Marist: When do you recommend starting the “college search” process?
EV: I think it is a good idea to start visiting colleges in junior year. The earlier you start, the better chance you have of visiting a college twice, which can really help with a decision.
GS: I recommend starting college visits to help you find out what you are looking for in a college. I visited many schools starting my junior year and eliminated some based on the feel of campus. You have to feel comfortable when you step foot on a campus, and see yourself going to class there.
IB: I started looking at colleges my junior year, but then began my visits during spring break. This let me visit a lot of schools out of state, since that was a key aspect of my college search.
MB: Junior year I met with my guidance counselor to discuss colleges and schools that might be a good fit for me. I know my counselor asked if I had any idea what major(s), activities, sports, etc. I was interested in, and we put together a list of schools based on a few different majors, activities, etc. that I expressed interest in.
Marist: What should you do prior to going on campus tours at colleges & universities?

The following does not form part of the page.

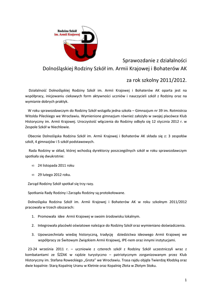 Sprawozdanie z działalności Dolnośląskiej Rodziny Szkół im. Armii Krajowej i Bohaterów AK za rok szkolny 2011/2012. Działalność Dolnośląskiej Rodziny Szkół im. Armii Krajowej i Bohaterów AK oparta jest na współpracy, inicjowaniu ciekawych form aktywności uczniów i nauczycieli szkół z Rodziny oraz na wymianie dobrych praktyk. W roku sprawozdawczym do Rodziny Szkół wstąpiła jedna szkoła – Gimnazjum nr 39 im. Rotmistrza Witolda Pileckiego we Wrocławiu. Wymienione gimnazjum również założyło w swojej placówce Klub Historyczny im. Armii Krajowej. Uroczystość włączenia do Rodziny odbyła się 12 stycznia 2012 r. w Zespole Szkół w Niechlowie. Obecnie Dolnośląska Rodzina Szkół im. Armii Krajowej i Bohaterów AK składa się z: 3 zespołów szkół, 4 gimnazjów i 5 szkół podstawowych. Rada Rodziny w skład, której wchodzą dyrektorzy poszczególnych szkół w roku sprawozdawczym spotkała się dwukrotnie: • 24 listopada 2011 roku • 29 lutego 2012 roku. Zarząd Rodziny Szkół spotkał się trzy razy. Spotkania Rady Rodziny i Zarządu Rodziny są protokołowane. Dolnośląska Rodzina Szkół im. Armii Krajowej i Bohaterów AK w roku szkolnym 2011/2012 pracowała w trzech obszarach: 1. Promowała idee Armii Krajowej w swoim środowisku lokalnym. 2. Integrowała placówki oświatowe należące do Rodziny Szkół oraz wymieniano doświadczenia. 3. Upowszechniała wiedzę historyczną, tradycję dziedzictwa ideowego Armii Krajowej we współpracy ze Świtowym Związkiem Armii Krajowej, IPE-nem oraz innymi instytucjami. 23-24 września 2011 r. – uczniowie z czterech szkół z Rodziny Szkół uczestniczyli wraz z kombatantami ze ŚZŻAK w rajdzie turystyczno – patriotycznym zorganizowanym przez Klub Historyczny im. Stefana Roweckiego „Grota” we Wrocławiu. Trasa rajdu objęła Twierdzę Kłodzką oraz dwie kopalnie: Starą Kopalnię Uranu w Kletnie oraz Kopalnię Złota w Złotym Stoku. 1 Zadaniem organizatorów rajdu było przybliżenie uczestnikom historii tych miejsc, ze szczególnym akcentem na lata czterdzieste i pięćdziesiąte. 24 listopada 2011 r. – współorganizowaliśmy konferencję Dolnośląskich Klubów Historycznych im. Armii Krajowej. Głównym organizatorem Konferencji było Gimnazjum nr 18 we Wrocławiu, które gościło osiem szkół z Rodziny Szkół oraz dyrektorów i nauczycieli tych szkół. Wśród gości zaproszonych była pani Antonina Kużaj – wizytator Kuratorium Oświaty, panowie Józef Oleksiewicz, Tadeusz Gombrych – przedstawiciele ŚZŻAK, pani Joanna Domaszewska, pan Bogdan Zdrojewski – przedstawiciele Zrzeszenia Kombatantów Wolność i Niezawisłość, pan Jacek Grobelny – przedstawiciele WKU we Wrocławiu. W ramach Konferencji można było wysłuchać wykładu pani Sylwii Krzyżanowskiej, pracownika wrocławskiego IPN-u na temat zbiorów IPN-u i sposobu ich przechowywania w pomieszczeniach Instytutu. Uczniowie wykazywali się wiedzą w zorganizowanym dla nich Biegu Patrolowym, którego przewodnim tematem była historia AK, oraz uczyliśmy się hymnu Armii Krajowej. Ponadto byliśmy świadkami nadania pani Joannie Domaszewskiej- żołnierzowi AK, stopnia majora. 12 stycznia 2012 r. – w Niechlowie uczestniczyliśmy w obchodach 20-lecia nadania Szkole Podstawowej im. Armii Krajowej i 10-lecia otrzymania sztandaru. W jubileuszu wzięło udział wielu żołnierzy AK, kombatantów, władz kuratorium oraz gminy. W trakcie spotkania został podsumowany Międzywojewódzki Konkurs Wiedzy o Państwie Podziemnym, w którym wzięło udział 150 uczniów z całego województwa. O Święcie Szkoły można przeczytać na stronie Rodziny Szkół (www.gim2.olesnica.pl/rodzina_ak/ w zakładce „Historia Rodziny-Święto Szkoły w Zespole Szkół w Niechlowie) 10 lutego 2012 r. – sześć szkół z Rodziny Szkół wzięło czynny udział w projekcie – „Noc z filmem historycznym”. Oglądaliśmy cztery filmy o życiu i działalności AK-owców, m.in. „Inka”, „Elżbieta Zawadzka” oraz czytaliśmy książkę o rotmistrzu Witoldzie Pileckim. Ponadto w trakcie trwania nocy łączyliśmy się na wspólnym blogu, rozwiązywaliśmy zadania konkursowe, opracowywaliśmy gazetkę. Nasze nocne działania zakończyły się o szóstej rano. Były to ciekawe przeżycia i z całą pewnością będziemy je kontynuować. 29 lutego 2012 r. – obchodziliśmy jubileusz pięciolecia powstania Rodziny Szkół. Gospodarzami uroczystości był burmistrz miasta Oleśnica Jan Bronś – Patron Założyciel Rodziny oraz dyrektor Gimnazjum nr 2 im. Armii Krajowej Dorota Rasała – Świtoń. Na nasze święto przyjechało wielu gości, m.in. dyrektor Departamentu Orzecznictwa Urzędu ds. Kombatantów i Osób Represjonowanch – pan Jacek Polańczyk, Dolnośląski Wice-Kurator, Patron Założyciel Rodziny – pani Danuta Leśniewska, przedstawiciel Marszałka Województwa Dolnośląskiego – pan Paweł Aszkiełowicz, członek prezydium Zarządu Głównego ŚZŻAK, przewodniczący Komisji ds. Młodzieży – pan Piotr Kurek, Wice-Prezes Zarządu Okręgu Dolnośląskiego ŚZŻAK – pan Ryszard Filipowicz oraz władze miejscowości, z których pochodzą szkoły należące do Rodziny Szkół, AK-owcy, kombatanci, przyjaciele szkół. Ważną częścią uroczystości było wręczenie medali Pro Patria szkołom należącym do Rodziny Szkół oraz ich założycielom. Ponadto wręczone zostały nagrody laureatom konkursów: za najciekawszy kolaż ph. „Ci, dzięki którym żyjemy w wolnej Polsce” oraz za konkurs fotograficzny „Śladami Armii Krajowej. 2 Źródła naszej przeszłości na Dolnym Śląsku”. Na temat naszego Jubileuszu można przeczytać na stronie Rodziny Szkół (www.gim2.olesnica.pl/rodzina_ak/ w zakładce „Historia Rodziny”). 2 marca 2012 r. – Gimnazjum im. AK w Żórawinie i Gimnazjum nr 18 im. AK we Wrocławiu zorganizowało wystawę poświęconą życiu i działalności pani Joanny Domaszewskiej, kobiet

EV: It is good to do a lot of research on the school before you get there. Go on the college’s website, check out the student newspaper’s website, etc. This will allow you to figure out what goes on around campus throughout the year, and will give you questions to ask on your tour.
JA: Definitely look up information about the school, and it doesn’t necessarily have to be academic information primarily. Look up student life, activities; every college has a College Activities office. See what they provide for students during the year.

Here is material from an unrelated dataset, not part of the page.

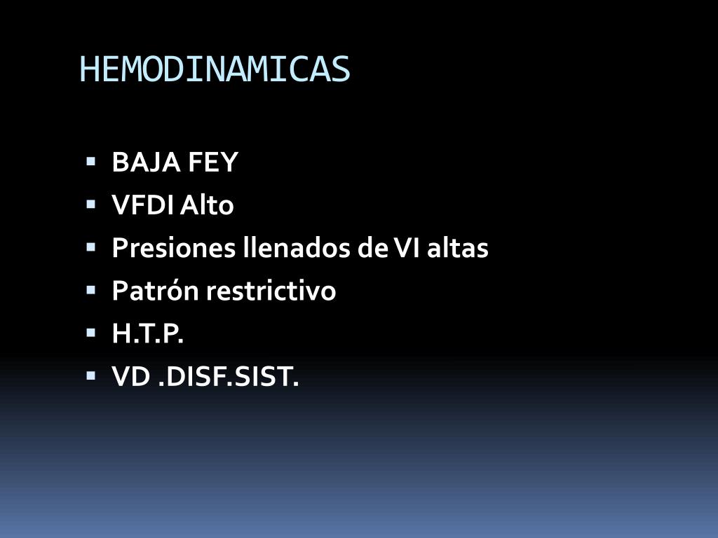 HEMODINAMICAS BAJA FEY VFDI Alto Presiones llenados de VI altas Patrón restrictivo H.T.P. VD .DISF.SIST.

MB: Don’t overdo your research about the college though. You want to go in with questions to ask, but then also ask questions based on what Admissions Counselors and tour guides talk about throughout the tour. They are your link to student experiences at the college, so let them give you information as well.
Marist: How can students get the most out of their time while visiting colleges/universities?
GS: Ask the tour guide for a recommendation of a place to eat; that way you can see where students go eat. Don’t ask for the nicest places, but where the students go. Walk around campus after the tour and talk to current students and see what they think, so that you can get multiple perspectives on student life.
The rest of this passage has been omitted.